Вдовы, девственницы и любовницы
Предположим, что наша счастливая наследница стала вдовой или, скорее, vidua[11], оставшись без мужчины: будь она вдова или разведенная, но в том случае, если отец ее умер, она становится «матерью семейства» — даже если случилось так, что она осталась девственницей. Родня постарается защитить ее добродетель, предоставив ей custosa; один из законов Империи приравнивал любовные связи vidua к супружеской измене и разврату, однако закон этот никогда не применялся на практике. Перед нами девушка или женщина, ставшая хозяйкой дома и владелицей имущества. Богатая вдова — характерный персонаж того времени; она совсем не похожа на очаровательную Селимену[12], это «властная хозяйка», потому что у нее нет больше хозяина. Она окружена заботами поклонников, которые охотятся за ее состоянием. Она вновь выйдет замуж или же заведет любовника; такая связь, подчас для приличия прикрытая обещаниями брака, была вполне обычной и практически признанной в обществе. Если же дело касалось совсем юной девушки, ее любовные связи должны были оставаться тайными; подозревали ее, как правило, в одном и том же проступке, предпочитая думать, что ее любовник — раб–управляющий, поскольку полагали, что женщина неспособна управлять собственной жизнью без хозяина и господина. Отцы Церкви ужасно злословили по поводу нравов вдов и сироток, и это злословие вовсе не было чистой воды клеветой: иначе, откуда бы Овидий взял свой садок, полный богатых и свободных женщин, которых его учебник любви[13] рекомендует оттуда выуживать и соблазнять. Эти женщины находились в наилучших условиях, какие только были возможны в Риме. Их любовники должны были заботиться о том, чтобы доставить им удовольствие в постели, как бы ни брюзжали Сенека или Марциал.

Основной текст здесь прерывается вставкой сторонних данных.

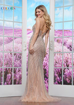 Soft sparkle meets confident drama in this fitted prom dress by Colors, designed to hug your shape in the most flattering way. The beaded mesh fabric catches the light with every step, while the plunging V-neckline and halter-style straps frame the shoulders and neckline beautifully. A lace-up back adds that adjustable, snatched-in feel, giving you both comfort and structure without sacrificing style.What really sets it apart is the detailed embellishment layered over the corset bodice, paired with a sleek silhouette and a leg-baring slit for a touch of bold energy. There is no shortage of sparkle here, but it still feels refined and intentional. The slit adds movement and confidence, making this dress feel equal parts glamorous and powerful, the kind of look that feels unforgettable the moment you put it on.

Представим теперь обратную ситуацию: отец семейства стал вдовцом. Он может использовать своих служанок, может вновь жениться или жить с любовницей. Само слово «любовница» имело два разных смысловых оттенка: вначале пренебрежительное, впоследствии, так же как и у нас, оно становится вполне приличным. Вначале любовницами называли женщину или женщин, с которыми мужчина, женатый или холостой, обычно проводил ночь; императоры, даже имевшие законную жену, держали во дворце целый гарем рабынь- любовниц; случалось, что император Клавдий брал на ночь по две рабыни за раз. Однако со временем общественное мнение значительно смягчилось: сожительство стало считаться подобием брака, если речь шла о единственной любовнице, отношения с которой были длительными и постоянными, и только ее более низкое социальное положение мешало мужчине на ней жениться. Не отставали и юристы: для них сожительство означало состояние, существующее de facto, которое не должно казаться для женщин унизительным и к которому окружающие не должны относиться с презрением; нужно только, чтобы сожительство было во всем похоже на брак. То есть любовница (во втором, приличном, смысле этого слова) должна быть свободной (потому что рабы не могли жениться) и сожительство моногамным: немыслимым было сожительствовать с другой женщиной женатому мужчине или жить с двумя любовницами одновременно. Таким образом, сожительство служило заменой браку в тех случаях, когда он был невозможен. Довольно типичная ситуация: господин живет со своей вольноотпущенницей и не хочет вступать с ней в законный брак ввиду явного неравенства союза. Став вдовцом, император Веспасиан взял в любовницы свою секретаршу, императорскую вольноотпущенницу, и «обращался с ней почти как с женой». Нам известно десятка полтора эпитафий, посвященных самому покойному, его покойной жене и любовнице, которая у него была после жены; точно так же в других эпитафиях муж отдает дань памяти двум своим женам, на которых он был последовательно женат.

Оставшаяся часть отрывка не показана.